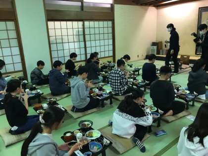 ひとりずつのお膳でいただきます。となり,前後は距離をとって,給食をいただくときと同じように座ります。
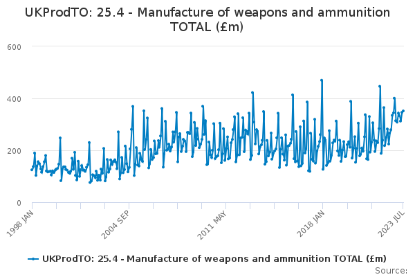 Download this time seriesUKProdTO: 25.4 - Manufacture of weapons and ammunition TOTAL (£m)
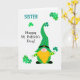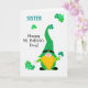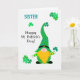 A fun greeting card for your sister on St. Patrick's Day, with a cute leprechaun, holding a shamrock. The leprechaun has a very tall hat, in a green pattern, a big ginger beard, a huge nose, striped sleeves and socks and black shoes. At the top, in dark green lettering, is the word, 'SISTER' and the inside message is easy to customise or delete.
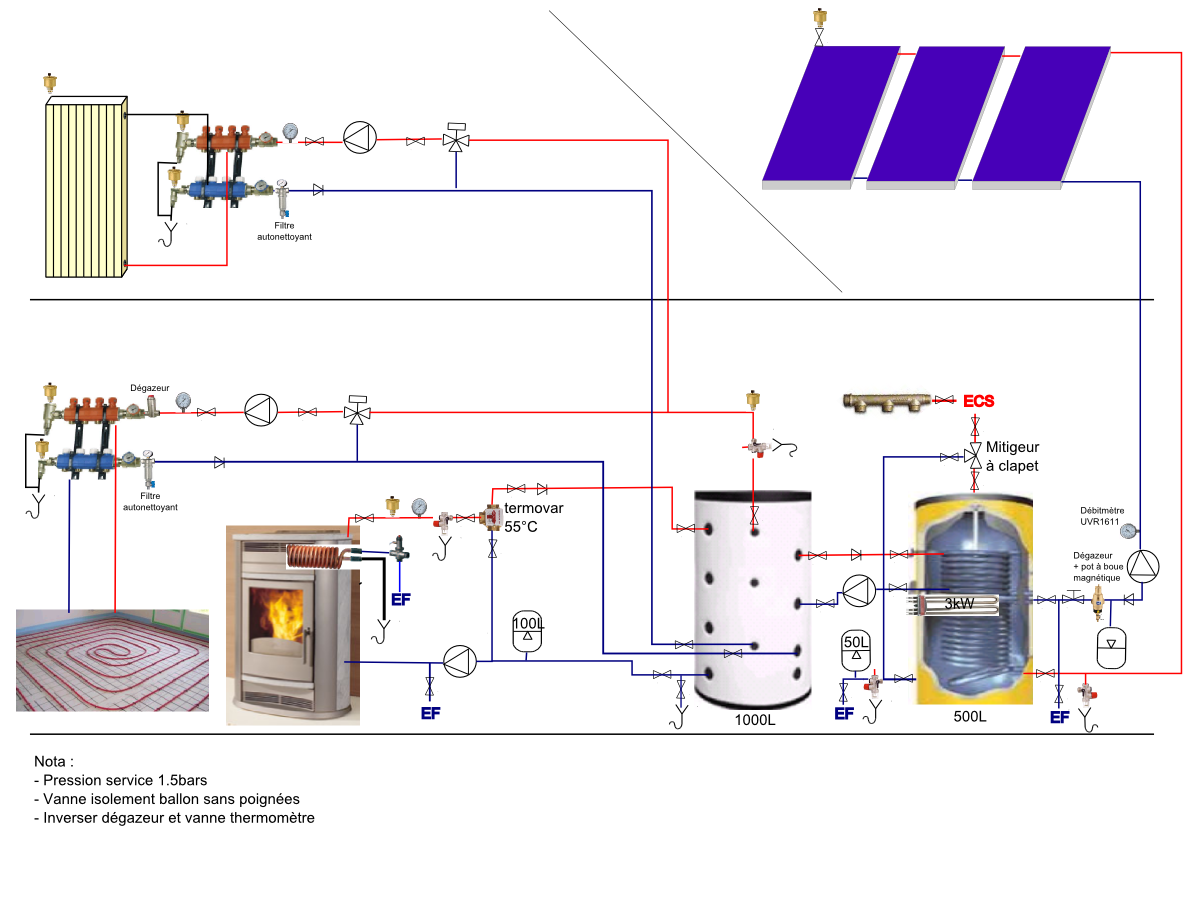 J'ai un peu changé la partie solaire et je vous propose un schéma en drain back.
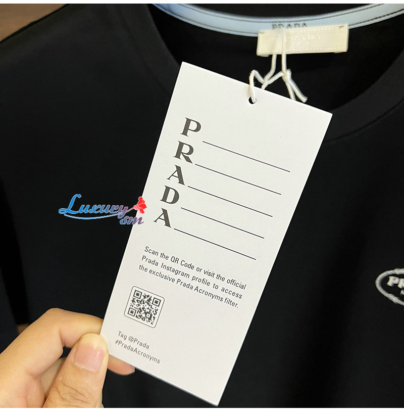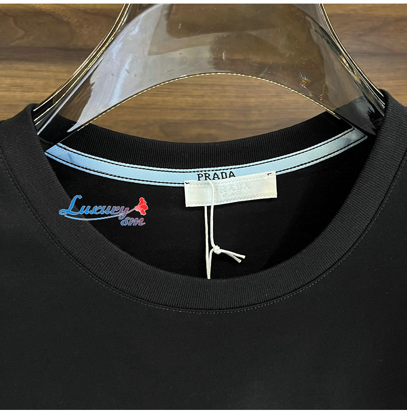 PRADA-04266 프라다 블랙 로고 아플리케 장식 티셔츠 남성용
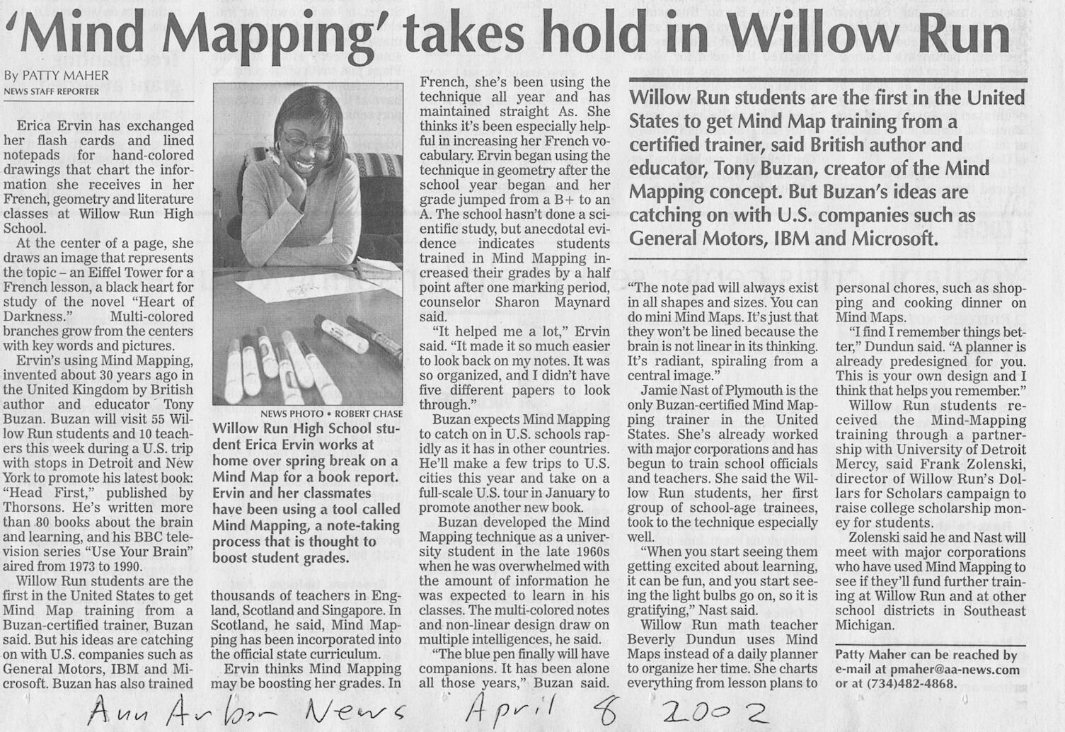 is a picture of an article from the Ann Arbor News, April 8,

- - -

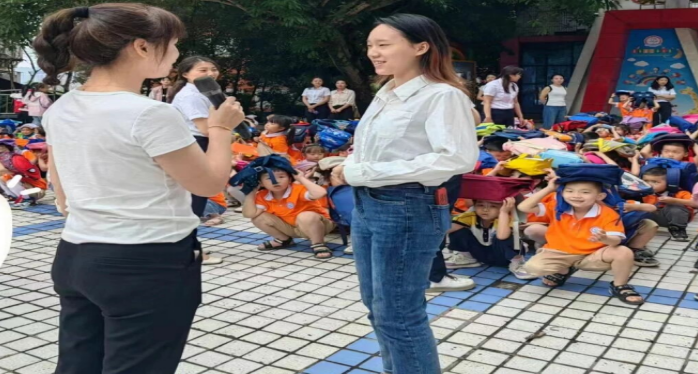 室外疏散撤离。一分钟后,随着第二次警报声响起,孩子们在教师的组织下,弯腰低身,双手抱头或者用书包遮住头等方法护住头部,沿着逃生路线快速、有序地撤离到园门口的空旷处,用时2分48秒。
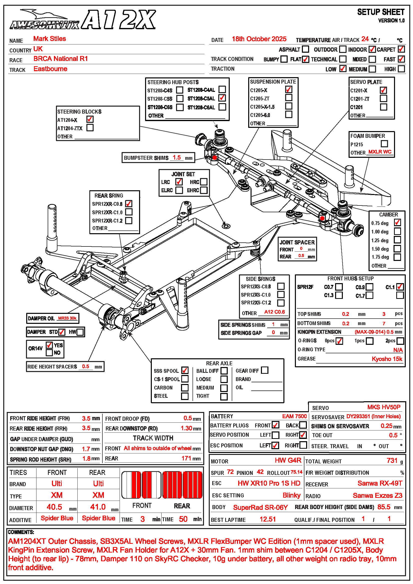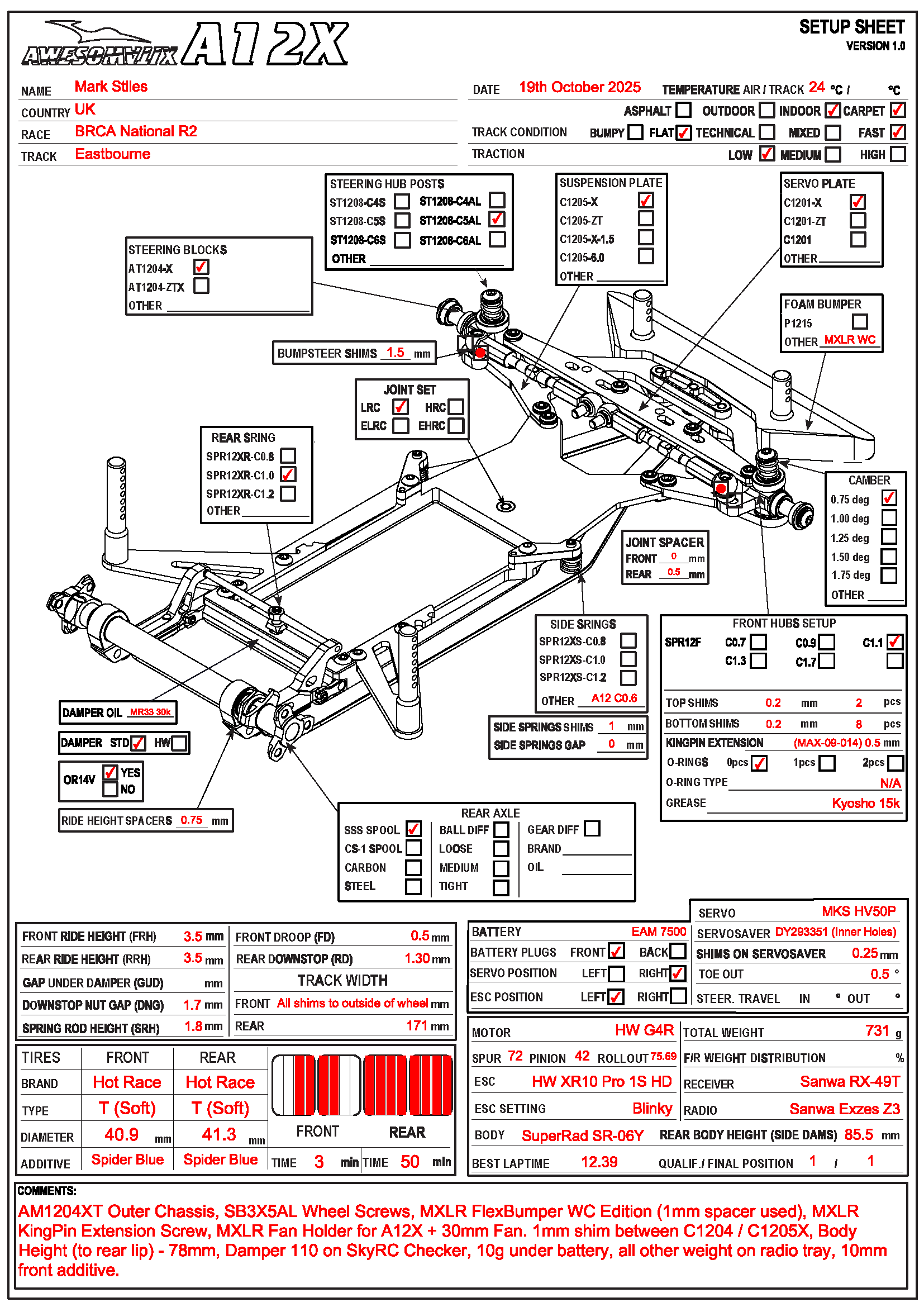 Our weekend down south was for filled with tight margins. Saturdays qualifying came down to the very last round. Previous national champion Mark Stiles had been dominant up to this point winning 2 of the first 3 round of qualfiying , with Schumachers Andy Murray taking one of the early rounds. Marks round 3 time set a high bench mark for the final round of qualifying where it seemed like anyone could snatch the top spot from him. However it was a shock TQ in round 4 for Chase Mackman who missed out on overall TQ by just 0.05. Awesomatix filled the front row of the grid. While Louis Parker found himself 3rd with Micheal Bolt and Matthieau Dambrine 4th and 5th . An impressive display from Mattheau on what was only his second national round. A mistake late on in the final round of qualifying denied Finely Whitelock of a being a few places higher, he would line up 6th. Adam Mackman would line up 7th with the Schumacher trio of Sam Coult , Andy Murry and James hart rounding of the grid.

- - -

Task
Please output the lines above beginning at the line with "ひとりずつのお膳でいただきま" and ending after the line with "Download this time", precisely as written and with no pictures.

Solution for this problem
 ひとりずつのお膳でいただきます。となり,前後は距離をとって,給食をいただくときと同じように座ります。
 Download this time seriesUKProdTO: 25.4 - Manufacture of weapons and ammunition TOTAL (£m)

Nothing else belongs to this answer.